Those training camp scenes include the usual identifiable types (the fat kid, the long-haired Californian, the "Rev") who first clash, then bond. It's been seen before, but the director, Boaz Yakin ("Fresh"), brings old situations to new life and carries us along in the current of a skilled popular entertainment. I like the way he shows Boone forcing the blacks and whites to get to know one another.

I admired the way the screenplay, by Gregory Allen Howard, doesn't make Boone noble and Yoast a racist, but shows them both as ambitious and skilled professionals. There are times when Boone treats his players more like Marines than high school kids, and Yoast tells him so. And times when Yoast tries to comfort black players who Boone has chewed out, and Boone accuses him of coddling blacks as he would never coddle his fellow whites.

These scenes are tricky, and Washington and Patton find just the right notes to negotiate them. Washington is gifted at delivering big speeches without sounding portentous or seeming to strain. There's an early morning training run that leads the players to the Gettysburg battlefield, and his remarks there place their experiences in a larger context.

Still, the story sweeps certain obvious questions under the rug: (1) We see that the whites don't want to play with the blacks, and are afraid of losing their starting positions. But what about the blacks? Weren't they in a black high school last year? Aren't they losing their team, too? Aren't some of them going to be replaced by white starters? The movie shows the whites as resentful and possessive but assumes the black players are grateful for the chance to leave their old school and integrate the other team. Maybe they are, and maybe they aren't. The movie doesn't say.

(2) Since there was certainly an all-black high school in town until this year, there must have been a black coach at that school. What happened to him? Did Coach Boone put him out of work, too? That crowd of cheering blacks on Boone's front lawn--have they so quickly forgotten the team and coach they used to cheer? In the real world, such questions would be what the story was all about. But then we would have an entirely different kind of film. "Remember the Titans" has the outer form of a brave statement about the races in America, but the soul of a sports movie in which everything is settled by the obligatory last play in the last seconds of the championship game. Whether the Titans win or lose has nothing to do with the season they have played and what they were trying to prove. But it has everything to do with the movie's sleight of hand, in which we cheer the closing touchdown as if it is a victory over racism.

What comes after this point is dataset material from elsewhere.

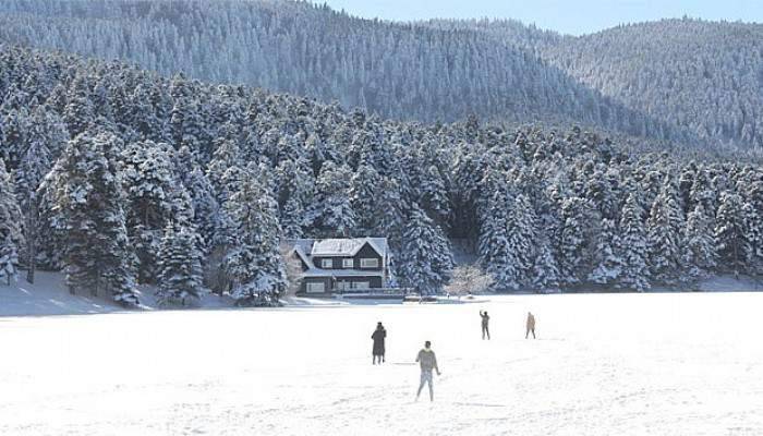 Binlerde tatilciye ev sahipliği yapan Gölcük Tabiat Parkı karla kaplı çam ormanlarıyla büyülerken, gece eksi 20’ye düşen hava sıcaklığı sonrasında tabiat parkında bulunan göl dondu. Tatilciler tabelalarla yapılan uyarılara göl üzerinde yürüyüş yaparak bol bol fotoğraf çektirdi.

The movie is heartfelt, yes, and I was moved by it, but it plays safe. On the soundtrack we hear lyrics like "I've seen fire and I've seen rain" and "Ain't no mountain high enough," but not other lyrics that must also have been heard in Alexandria in 1971, like "We shall overcome."

Roger Ebert

Roger Ebert was the film critic of the Chicago Sun-Times from 1967 until his death in 2013. In 1975, he won the Pulitzer Prize for distinguished criticism.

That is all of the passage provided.